** Opening Given data block **

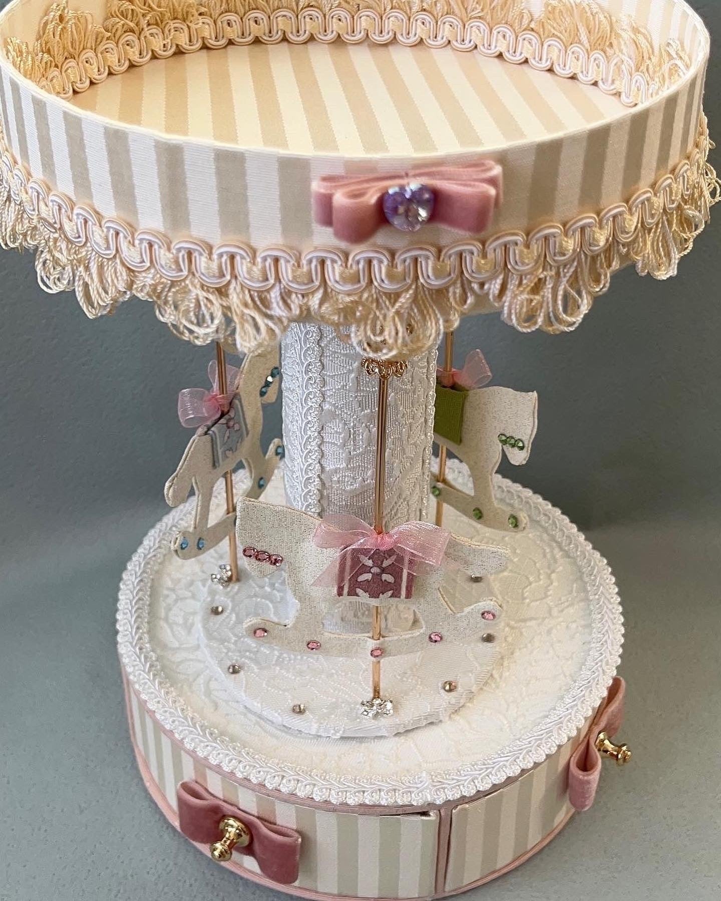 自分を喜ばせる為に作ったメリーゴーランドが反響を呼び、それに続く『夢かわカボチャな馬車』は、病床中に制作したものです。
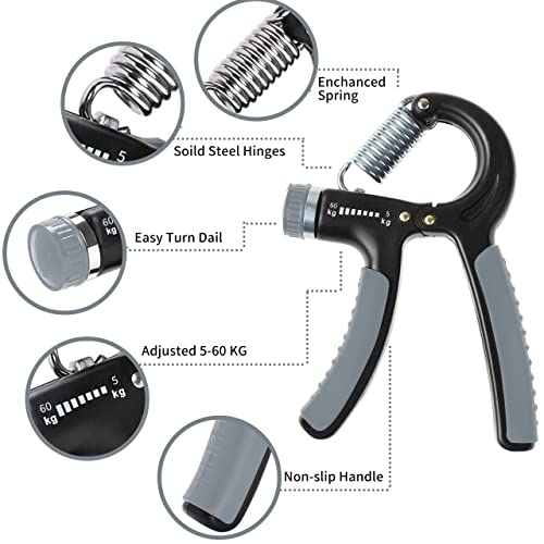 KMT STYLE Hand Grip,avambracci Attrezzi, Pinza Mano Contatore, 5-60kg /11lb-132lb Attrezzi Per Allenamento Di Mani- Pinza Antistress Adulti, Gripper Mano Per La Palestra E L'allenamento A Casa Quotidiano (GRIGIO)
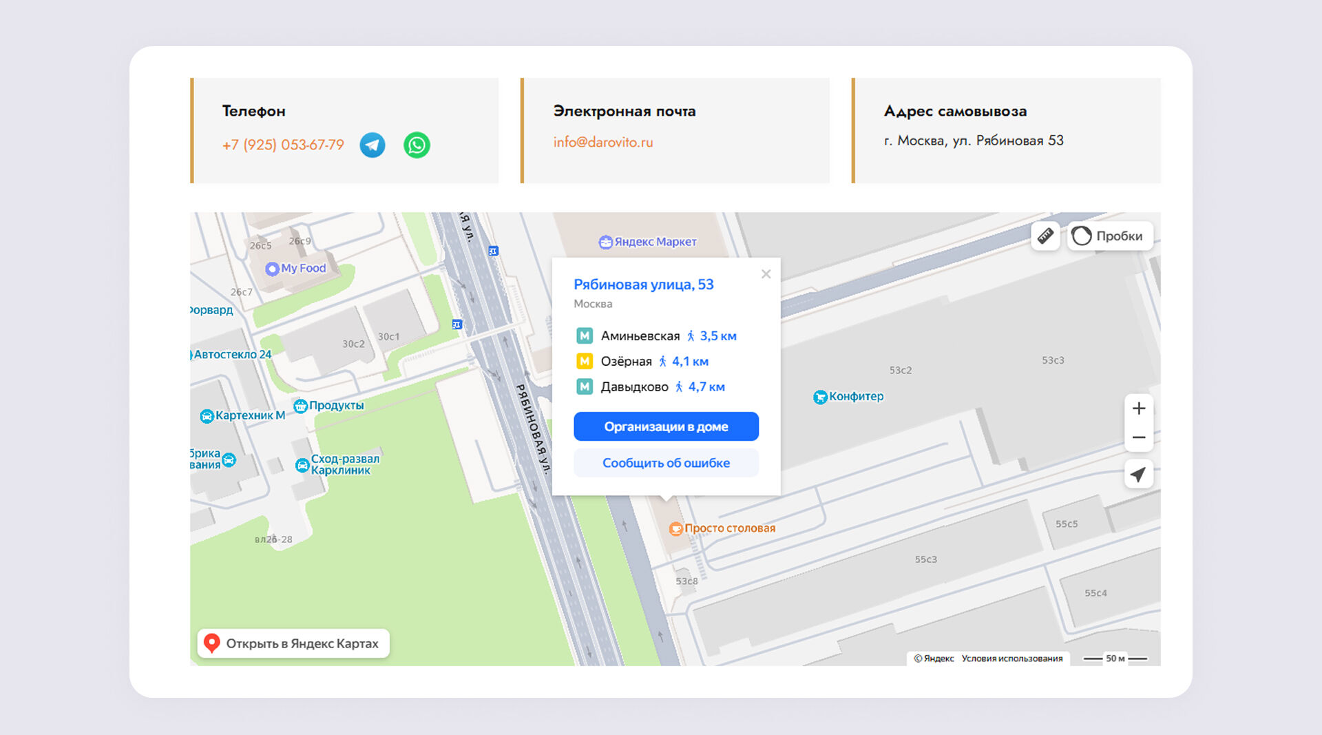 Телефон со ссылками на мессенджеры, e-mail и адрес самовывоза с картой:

** Closing Given data block **

* [Exercise aim]
Give again exactly the lines from the one that contains "KMT STYLE Hand" through the end of the material, both ends included, omitting the pictures.

* [Task output]
 KMT STYLE Hand Grip,avambracci Attrezzi, Pinza Mano Contatore, 5-60kg /11lb-132lb Attrezzi Per Allenamento Di Mani- Pinza Antistress Adulti, Gripper Mano Per La Palestra E L'allenamento A Casa Quotidiano (GRIGIO)
 Телефон со ссылками на мессенджеры, e-mail и адрес самовывоза с картой:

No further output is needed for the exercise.